Each edge will be represented by a starting vertex, an ending vertex, and a weight value. (In this case, the weight value is always going to be 1. I did this to easily reuse my matrix code from earlier in the semester.)
The supplied graph to my matrix library is not assumed to be symmetric, which means I give each edge two you twice (once in a - b form and again in b - a form).

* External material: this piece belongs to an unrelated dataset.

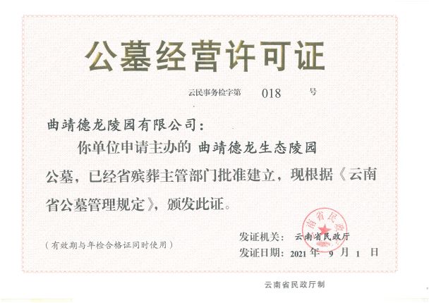 曲靖德龍陵園有限公司于2015年3月26日成立,注冊(cè)資金1160萬元,系曲靖市紅十字會(huì)團(tuán)體會(huì)員單位。公司經(jīng)營(yíng)范圍:殯葬設(shè)施經(jīng)營(yíng);殯儀用品銷售;殯葬服務(wù);禮品花卉銷售;休閑觀光活動(dòng)。

The graphs are also not going to be reflexive. The diagonal should be all zeros. Your algorithm shouldn't care about reflexive links.
Outputs
You should display the list of vertices which make up the Maximum Clique. It is possible for some of these examples to have multiple solutions. If you have the same number of vertices as I have in my results, it means you are doing fine.
Helpful tools
I created my own randomly-generated graph creation script Python script to properly test my algorithm. I'll supply a few test cases and the code for that script.
Examples.
Example 1. Three Connected Points
Here are three connected points.
3
6
0 1 1
1 0 1
0 2 1
2 0 1
1 2 1
2 1 1
Results.
[ [ 0 1 1 ]
[ 1 0 1 ]
[ 1 1 0 ] ] 3x3
Vertices in Max Clique:
0 1 2
Example 2. Three Points,Not Fully Connected.
3
4
0 1 1
1 0 1
0 2 1
2 0 1
Results.
[ [ 0 1 1 ]
[ 1 0 0 ]
[ 1 0 0 ] ] 3x3
Vertices in Max Clique:
0 2
Example 3. Three Points, No Edges
3
0
That's the entire file. Here are the results. A single point is a clique of 1.
[ [ 0 0 0 ]
[ 0 0 0 ]
[ 0 0 0 ] ] 3x3
Vertices in Max Clique:
2
Example 4. The House
This has 5 points and if you draw it on paper, it kinda looks like a house.
5
16
0 1 1
1 0 1
0 4 1
4 0 1
1 2 1
2 1 1
1 4 1
4 1 1
1 3 1
3 1 1
4 2 1
2 4 1
2 3 1
3 2 1
4 3 1
3 4 1
Four of the points in this graph are fully connected.
[ [ 0 1 0 0 1 ]
[ 1 0 1 1 1 ]
[ 0 1 0 1 1 ]
[ 0 1 1 0 1 ]
[ 1 1 1 1 0 ] ] 5x5
Vertices in Max Clique:
1 2 3 4
Example 5. A randomly generated graph.
I created this graph with my script. It has 10 points and 30 edges (each edge is listed twice).
10
60
2 3 1
3 2 1
2 9 1
9 2 1
0 4 1
4 0 1
2 4 1
4 2 1
4 7 1
7 4 1
3 9 1
9 3 1
5 3 1
3 5 1
1 8 1
8 1 1
5 2 1
2 5 1
7 5 1
5 7 1
9 4 1
4 9 1
3 8 1
8 3 1
7 0 1
0 7 1
5 8 1
8 5 1
7 3 1
3 7 1
6 4 1
4 6 1
9 7 1
7 9 1
6 3 1
3 6 1
2 1 1
1 2 1
0 8 1
8 0 1
1 3 1
3 1 1
4 8 1
8 4 1
5 4 1
4 5 1
5 1 1
1 5 1
7 8 1
8 7 1
9 6 1
6 9 1
1 7 1
7 1 1
8 6 1
6 8 1
2 7 1
7 2 1
6 2 1
2 6 1
Results.
[ [ 0 0 0 0 1 0 0 1 1 0 ]
[ 0 0 1 1 0 1 0 1 1 0 ]
[ 0 1 0 1 1 1 1 1 0 1 ]
[ 0 1 1 0 0 1 1 1 1 1 ]
[ 1 0 1 0 0 1 1 1 1 1 ]
[ 0 1 1 1 1 0 0 1 1 0 ]
[ 0 0 1 1 1 0 0 0 1 1 ]
[ 1 1 1 1 1 1 0 0 1 1 ]
[ 1 1 0 1 1 1 1 1 0 0 ]
[ 0 0 1 1 1 0 1 1 0 0 ] ] 10x10
Vertices in Max Clique:
1 3 5 7 8
Turn it in
Upload a zip file containing the files that use used or wrote yourself to the drop box on D2L:
Make sure your name, CSCI 4270, and the Programming Assignment Number appear in comments in all of your files.
Note: NO CREDIT will be given to programming assignments that do not compile.
Make sure you have compiled and tested your program before handing it in.